The Art of Losing Well

Despite the sports aphorism, winning isn't the only thing. Accepting and learning from defeat can take you a long way

The din of voices calling for Hillary Clinton to give up her Presidential bid is growing louder by the day. Why does she continue to run when the odds of her winning the Democratic Party's nomination are so slim? Perhaps it's because she truly believes she is the best person to be the next President of the United States. Perhaps it's because she is convinced that, with continued determination, she can succeed at this formidable task. But the reason could be much simpler: She may consider losing to be a form of personal failure.

If that's her way of thinking, she clearly is not alone. We live in a culture that celebrates winners and chastises losers. "Winning isn't everything; it's the only thing" might well be the unofficial motto of this country. Indeed, everyone loves a winner, but losers are viewed with scorn and derision. This is more than unfortunate—it's unfair. We should rethink losing and embrace our losses, rather than run from them.
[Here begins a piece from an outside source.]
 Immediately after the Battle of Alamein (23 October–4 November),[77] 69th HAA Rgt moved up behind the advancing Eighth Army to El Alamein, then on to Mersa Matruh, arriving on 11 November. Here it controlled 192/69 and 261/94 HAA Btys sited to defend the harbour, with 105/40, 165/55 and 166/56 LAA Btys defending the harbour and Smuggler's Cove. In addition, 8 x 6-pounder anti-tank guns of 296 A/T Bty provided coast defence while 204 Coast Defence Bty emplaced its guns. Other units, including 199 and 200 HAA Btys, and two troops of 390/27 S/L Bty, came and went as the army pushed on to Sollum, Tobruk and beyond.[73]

The Winning Mentality and Its Discontents

UCLA football coach Henry "Red" Sanders (who, by the way, coined the expression, not Vince Lombardi) was mistaken in holding winning to be "the only thing." No one would want to live in a world in which winning is our sole objective. There are other considerations that are as important, or more, than winning, whether the subject is football, corporate management, dating, or any other social activity.

Recall that there are five fundamental principles of ethics: Do No Harm, Make Things Better, Respect Others, Be Fair , and Be Loving.
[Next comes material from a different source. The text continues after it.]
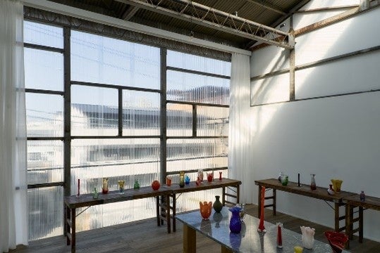 錆色の大きな扉と波板が目を惹く建物は、資材置き場として使われていた古い倉庫で、扉を開くと雑多な倉庫のイメージとは相見えない凛とした和空間が混在する異空間が広がります。天然鞍馬石でしつらえた迫力あるフラワーディスプレイは、和室の床の間に見立てました。店内中央のカフェスペースは、大理石とアクリル天板の迫力ある大テーブルを設えました。店舗二階はアトリエです。季節に合わせた花を用いたワークショップを不定期に開催しています。撮影、ギャラリーやイベント、ポップアップスペース等、様々な用途として貸出しも可能です。

If winning were truly the only thing, then there would be no problem with hurting other people, cheating, lying, or stealing to achieve your objective. As we've seen too often over the past several years, however, many politicians, chief executives, and athletes who have made a fetish out of winning at all costs have lost their careers, their marriages, their reputations, and sometimes even their freedom. The outrage over steroid use in baseball is fueled by the recognition that winning at the expense of fairness is just plain wrong. Getting rich by destroying the pensions of one's own employees is, as Enron's Ken Lay and Jeffrey Skilling showed, winning at its worst.

There is nothing intrinsically wrong with the idea of winning, but if we ignore the ethical responsibilities of avoiding harm, being honest, and treating others fairly, we will forfeit the most important thing of all: our own integrity.

How to Lose with Grace and Dignity

With the above considerations in mind, I propose the following rules for rising to the challenge when you don't reach a goal:

1. Be Angry, But Not for Too Long. It's understandable to be upset when you lose, but dwelling on the loss, obsessing over it, or making it the focus of your life is more hurtful than helpful. In an earlier column, I offered five steps for dealing effectively with anger (, 4/8/08), and as difficult as it may be to do so in every upsetting situation, it is in your own interest not to let anger get the best of you.

2. Accept Reality. We often tell ourselves, "Where there's a will, there's a way." Unfortunately, we have less control over our lives than we'd like to believe, and there is nothing we can do to alter this. All the determination in the world cannot make other people do, say, or vote for something if they don't want to. It should lessen the blow to realize that there is only so much we can do to affect the change we seek.

3. Look for the Lesson. Yes, we learn by winning. (Think about how you surprised yourself the last time you accomplished something you thought would be too difficult to achieve.) But we also learn by losing, if we have the courage to pay attention. In looking honestly at a failed attempt to get a job (, 5/8/08), for example, or develop a romantic relationship, the lesson could be that we need to rethink our approach, or we need to change something about ourselves. The best way to succeed next time, or to learn how to handle defeat better, is to find the lesson from our loss and take it to heart.

4. Cut Yourself Some Slack. I've said this before, but it bears repeating: The ethical responsibilities to be fair and compassionate apply to how we treat ourselves, not just others. Berating yourself for losing isn't a kind or decent way to treat yourself, and doing so prevents you from getting back into action, which can lead to further losses.

5. Keep on the Sunny Side of Life. How many successful people do you know who are burdened by the weight of their past failures? If you let losing get the best of you, it will be all but impossible to go forward. Allow yourself to feel angry, but accept reality, learn from the experience, don't be too hard on yourself, and move on.

These guidelines are intended to help you make the best of a losing situation. Let's not forget, though, that the first order of business after losing is to congratulate the winner. Anyone can win. It takes a person of courage and grace to accept defeat and honor the victor. Such a person will move beyond loss and emerge a stronger and better person—and a true winner.